** Required action **
Print only the lines below, from the very first to the one containing "A watercolor painting", exactly as they stand. Do not print pictures.

** Extracted data follows **

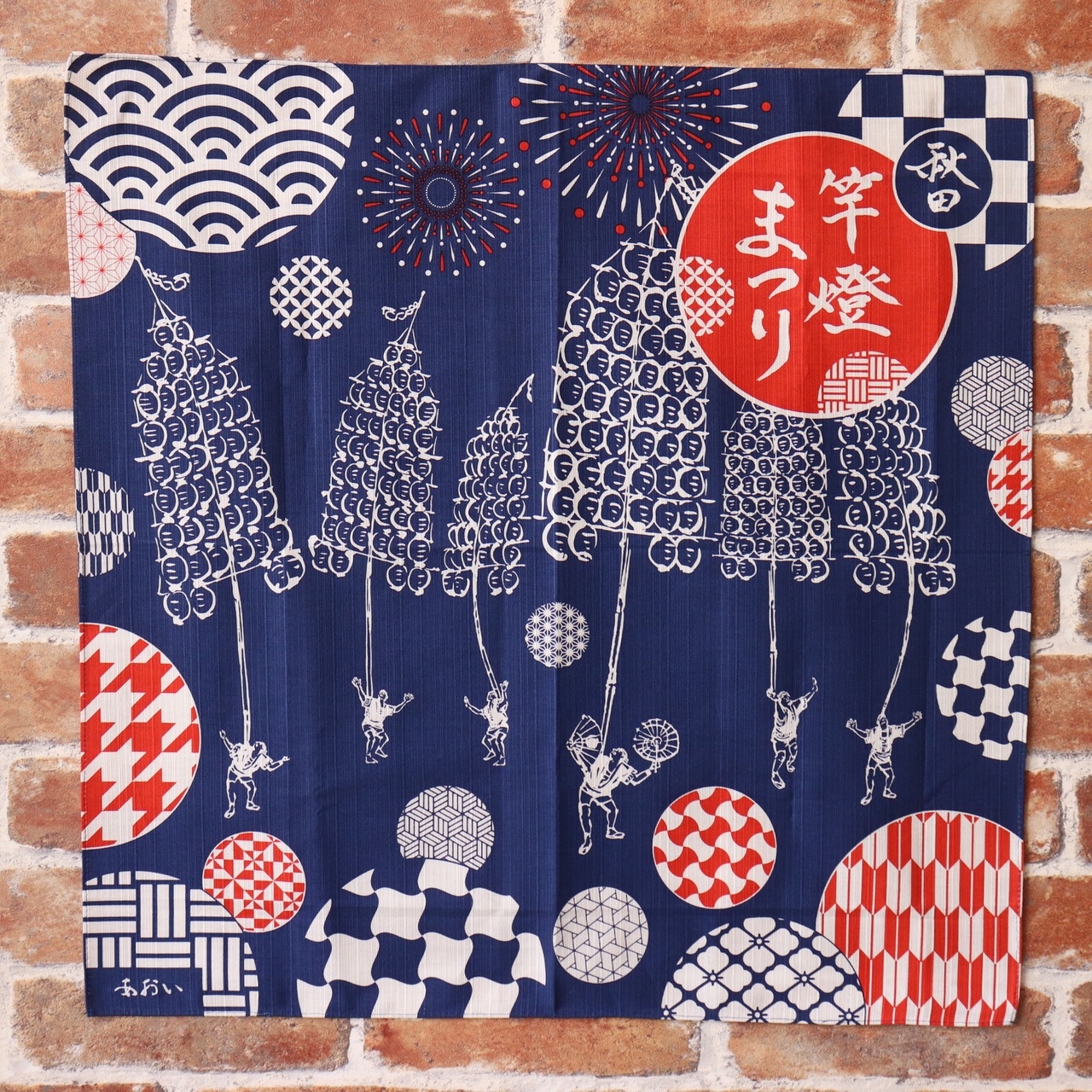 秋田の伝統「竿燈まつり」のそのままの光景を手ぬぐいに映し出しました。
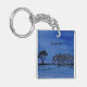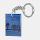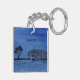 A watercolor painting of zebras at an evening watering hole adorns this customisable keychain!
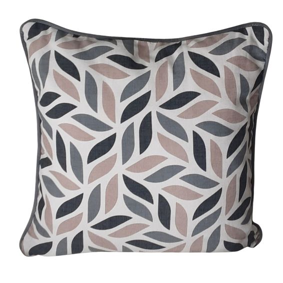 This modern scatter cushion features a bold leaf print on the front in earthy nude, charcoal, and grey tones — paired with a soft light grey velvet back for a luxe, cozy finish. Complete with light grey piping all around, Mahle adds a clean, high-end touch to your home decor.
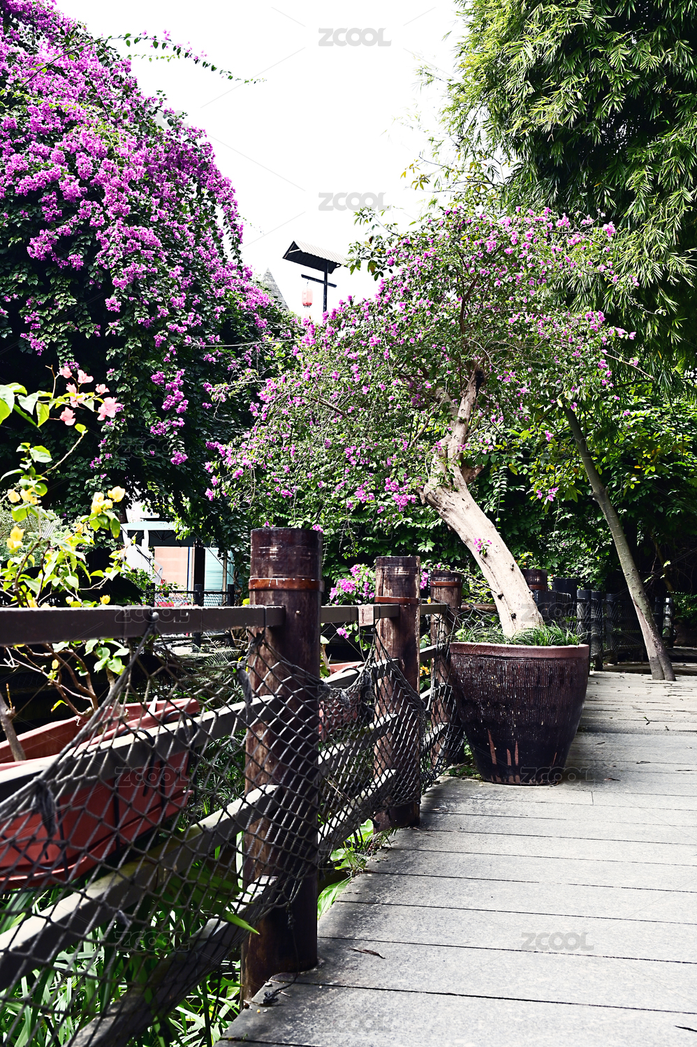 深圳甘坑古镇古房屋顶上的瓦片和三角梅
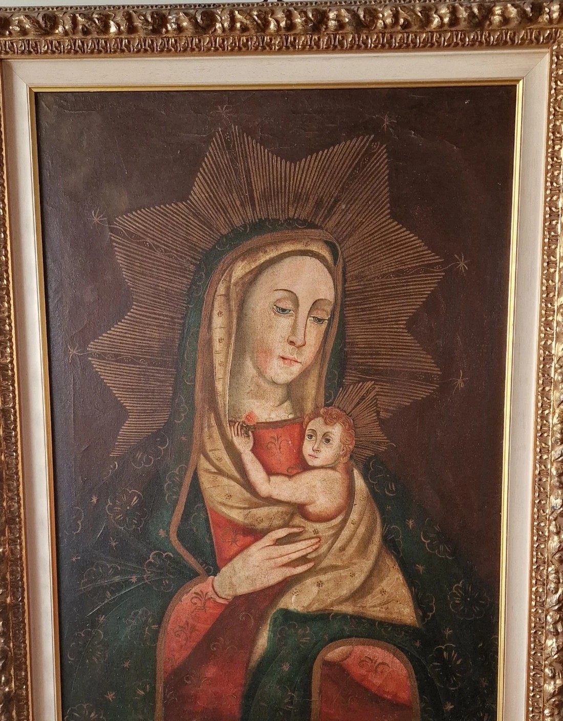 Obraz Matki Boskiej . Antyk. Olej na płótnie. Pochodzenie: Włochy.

** End of Extracted data **

** Response to the exercise **
 秋田の伝統「竿燈まつり」のそのままの光景を手ぬぐいに映し出しました。
 A watercolor painting of zebras at an evening watering hole adorns this customisable keychain!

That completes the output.